Hadley Wickham is an assistant professor of Statistics at Rice University. He is interested the use of graphics to reveal interesting and unexpected features of data, as well as practical tools to make dealing with real-life data easier. He won the John Chambers Award for Statistical Computing for his work on the ggplot and reshape R packages.

May Yuan is Brandt Professor, Edith Kinney Gaylord Presidential Professor and Associate Dean of Atmospheric and Geographic Sciences and the director of Center for Spatial Analysis at the University of Oklahoma. May's research interest is in temporal GIS, geographic representation, spatiotemporal information modeling, and applications of geographic information technologies to dynamic systems. Her research projects center on representation models, algorithms for spatiotemporal analysis, and understanding of dynamics in geographic phenomena, such as wildfires, rainstorms, air-pollution plumes, and behavior and activities in complex social systems. She explores multiple perspectives of dynamics, analyzes the drivers and outcomes of geographic dynamics, extracts spatiotemporal patterns and behavioral structures of dynamic systems, and draws insights into the system development and evolution to derive an integrated understanding, interpretation, and prediction of activities, events, and processes in dynamic geographic systems.

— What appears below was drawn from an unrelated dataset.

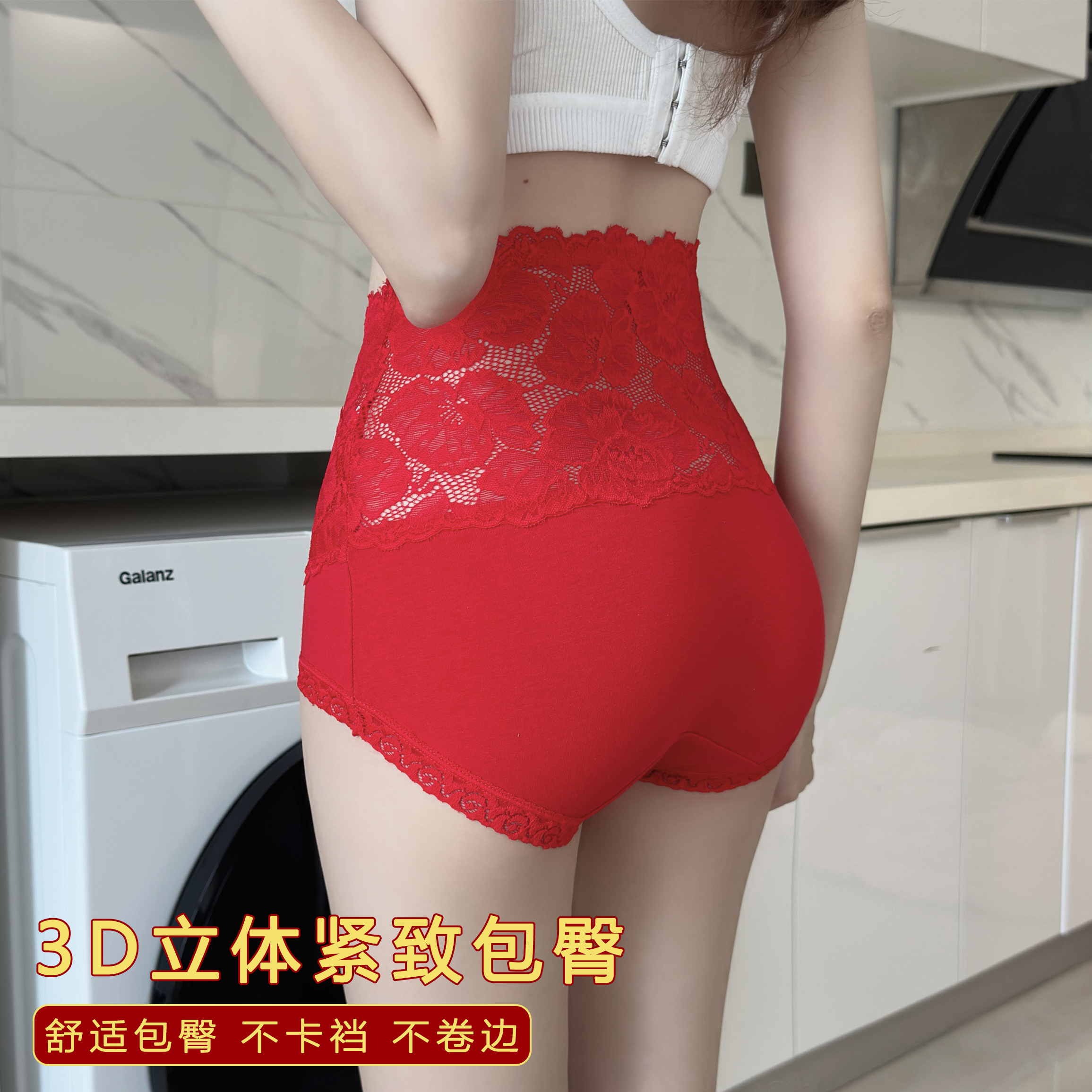 蕾丝女生短裤 本命年内裤 女士纯棉抗菌裆高腰收腹提臀红色2025新款

Jeanette Zerneke is the Technical Director for the Electronic Cultural Atlas Initiative (ECAI). In that role Jeanette works with a diverse group of technology experts to develop tools and methodologies that support ECAI's mission. ECAI is a global collaboration among humanities scholars, librarians, cultural heritage managers, and information technology researchers. ECAI's mission is to enhance scholarship by promoting greater attention to time and place. Jeanette's work involves developing infrastructure, programs, methodologies, working groups, and training workshops to support ECAI affiliates in project development and integration. Jeanette works directly with project teams to develop web sites and ePublications highlighting the growing use of new technologies to present cultural information in innovative ways.